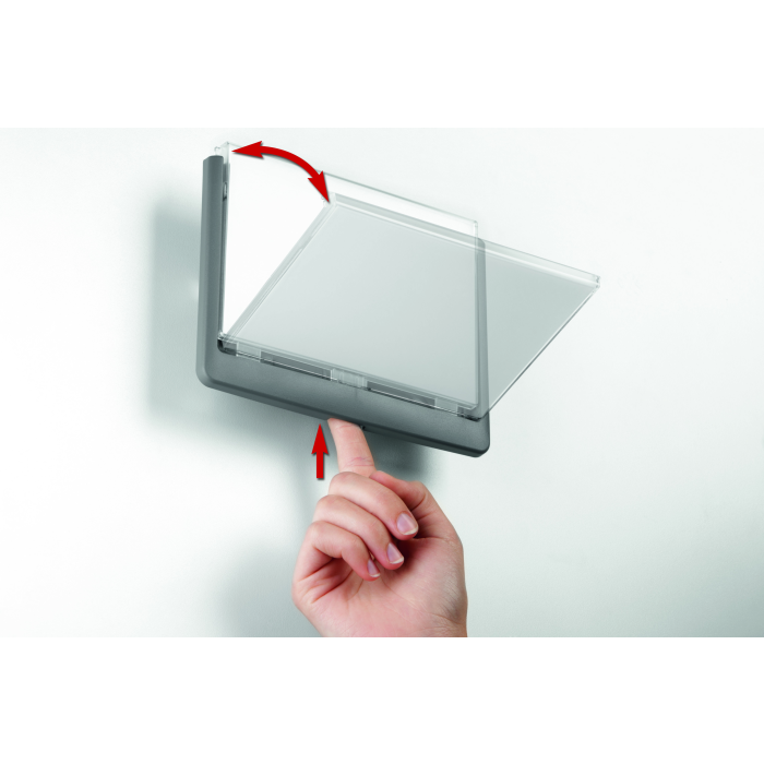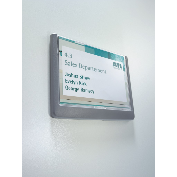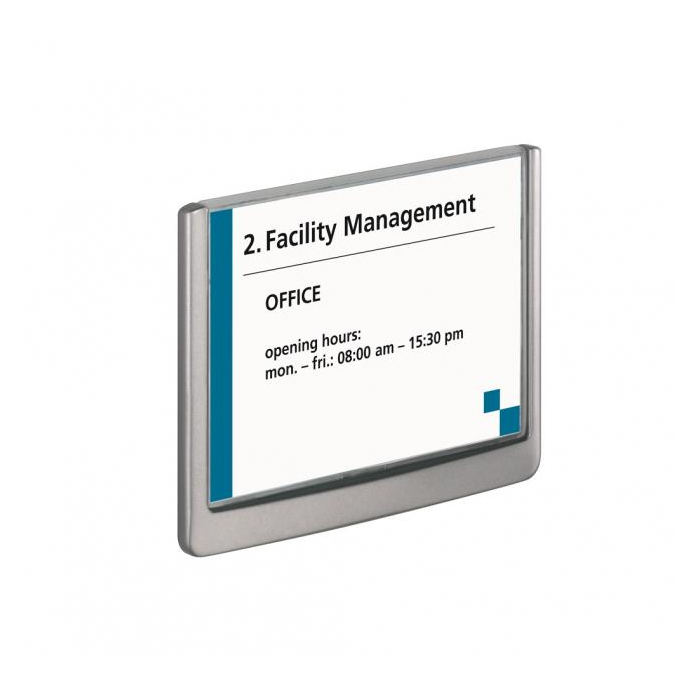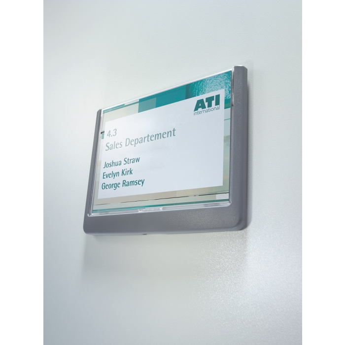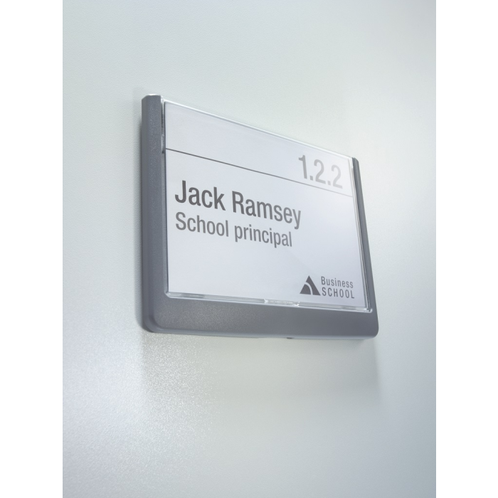 Moderná informačná tabuľka na dvere s lemom v atraktívnej grafitovej farbe. Predný panel sa otvára na jedno zatlačenie, a tým sa jednoducho sprístupnia vložené popisné papiere, ktoré sa môžu vymieňať podľa potrieb. Tabuľka je ideálna do kancelárií, úradov, škôl, univerzít a hotelov. Súčasťou balenia je montážna sada s názorným návodom. Namiesto pevného montovania môže byť tabuľka k povrchu aj prilepená.
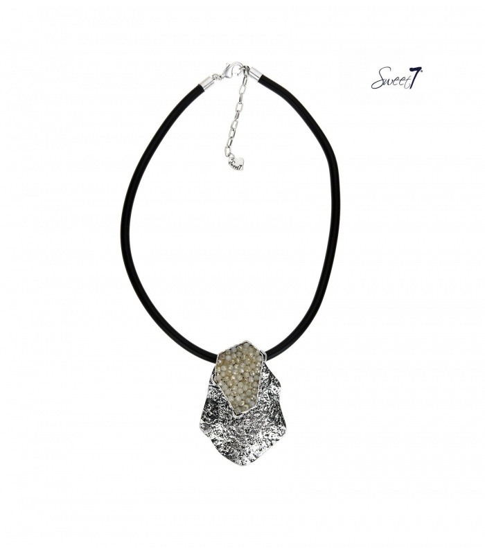 Zwarte rubberen koord halsketting met een zilverkeurige hanger.
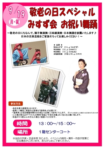 〜敬老の日にちなんで、獅子舞演舞・三味線演奏・日本舞踊を披露いたします。 日本の古典芸能をご家族そろってお楽しみくだ…
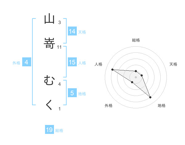 山嵜 むくさんの天格は14画の1点!
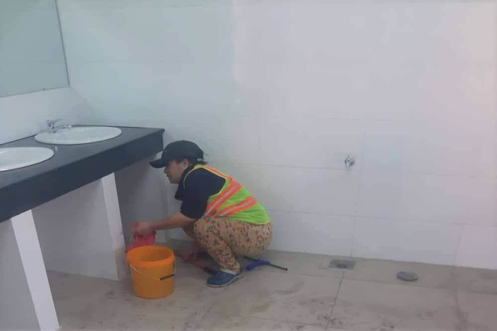 - Khu vực thi công: Loại bỏ bụi bẩn, mảnh vụn vật liệu xây dựng, xi măng, sơn, và các vết bẩn khác bằng máy phun áp lực cao và dụng cụ chuyên dụng.
┄┄┄┄┄┄┄┄┄┄
-- PROBLEM DESCRIPTION --
Take the lines from the one holding "山嵜 むくさんの天格は14画の1点!" through the final line of the records above and output them exactly, both ends included, excluding pictures.

-- RESULT FOR THIS EXERCISE --
 山嵜 むくさんの天格は14画の1点!
 - Khu vực thi công: Loại bỏ bụi bẩn, mảnh vụn vật liệu xây dựng, xi măng, sơn, và các vết bẩn khác bằng máy phun áp lực cao và dụng cụ chuyên dụng.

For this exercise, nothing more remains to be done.